Optimization of MALDI Matrices and Their Preparation for the MALDI-TOF MS Analysis of Oligonucleotides
Funding: This work was supported by Bayerisches Staatsministerium für Wissenschaft und Kunst.
Susanne Dietrich and Anja Dollinger share first authorship.
ABSTRACT
Rationale
The reproducibility of the analysis of oligonucleotides using matrix-assisted laser desorption/ionization time-of-flight mass spectrometry (MALDI-TOF MS) remains a significant challenge. This is mainly attributed to factors such as the choice and application of the matrix, as well as the inhomogeneity of the sample spots. Although previous studies have explored various parameters, such as ionic and sugar-based matrices, and different spotting methods, none have comprehensively integrated these factors into a unified approach.
Methods
Various matrices for the analysis of oligonucleotides and the effects of diverse variables, including different matrices, solvent compositions, additives, and application techniques, on the analytical performance of these matrices were investigated. Mass spectrometry analysis was conducted by a MALDI-TOF MS in linear negative mode.
Results
Our research systematically evaluates the combined effects of diverse variables to enhance the analytical performance of MALDI-TOF MS in oligonucleotide analysis. We focused on the standard deviation of mass-to-charge ratios and the signal-to-noise (S/N) ratios. Out of 48 samples, only 19 met the S/N criteria, which is that the signals must be detectable over the whole mass range of interest (4–10 kDa).
Conclusions
The ionic matrix 6-aza-2-thiothymine (ATT) with 1-methylimidazole resulted consistently in a reduced standard deviation and achieved high mass precisions. Additionally, we observed that the S/N ratios and mass precision of 3-hydroxypicolinic acid (3-HPA) varied significantly depending on the solvent composition and the presence of additives.
1 Introduction
Matrix-assisted laser desorption/ionization time-of-flight mass spectrometry (MALDI-TOF MS) is a highly effective analytical technique, particularly renowned for its application in protein analysis. Its key strengths include the ability to ionize large, complex molecules without significant fragmentation, leading to accurate mass determination and biomolecule identification. MALDI-TOF MS also offers several practical advantages, such as simplicity, speed, low reagent and sample consumption, and straightforward mass spectrum interpretation [1].
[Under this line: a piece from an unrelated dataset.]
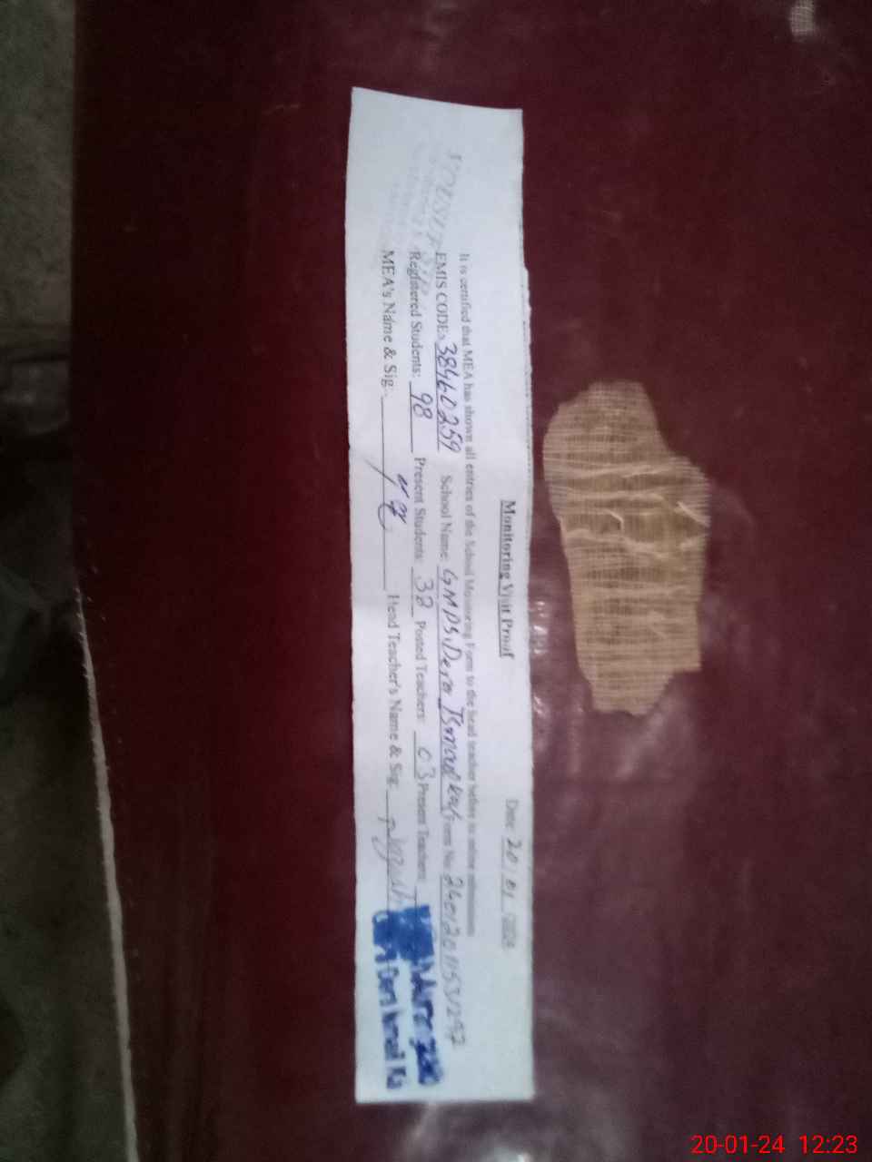 | Attendance Register | Head Teacher | MEA with School | Visit Proof |

Despite its success in protein analysis, MALDI-TOF MS is less popular for the analysis of oligonucleotides, which are short DNA and RNA segments. Oligonucleotides are small molecules and are more prone to fragmentation under MALDI conditions than larger biomolecules such as proteins. This often results in complex spectra with overlapping signals, complicating the data interpretation. Additionally, the ionization efficiency of oligonucleotides in MALDI-TOF MS is generally lower compared to proteins, making the analysis, and accurate mass determination more challenging [2-9].
One of the major challenges in oligonucleotide investigation using MALDI-TOF MS is the formation of alkali metal adducts. These adducts, such as phosphodiester salts with Na+ or K+, can significantly affect mass resolution and detection limits. The signal corresponding to the intact oligonucleotide is often observed as a distribution of peaks at higher m/z values, rather than as a single molecular ion peak, further complicating the analysis [10, 11].
Oligonucleotides play crucial roles in various biological processes. For example, microRNAs (miRNAs), short non-coding RNAs ranging from 19 to 23 nucleotides in length, are involved in gene regulation by targeting specific messenger RNAs, leading to their degradation or inhibition of translation [12]. Given their biological importance, oligonucleotides are valuable biomarkers in genomics, molecular diagnostics, and drug development, facilitating early disease detection and personalized medicine approaches [13, 14].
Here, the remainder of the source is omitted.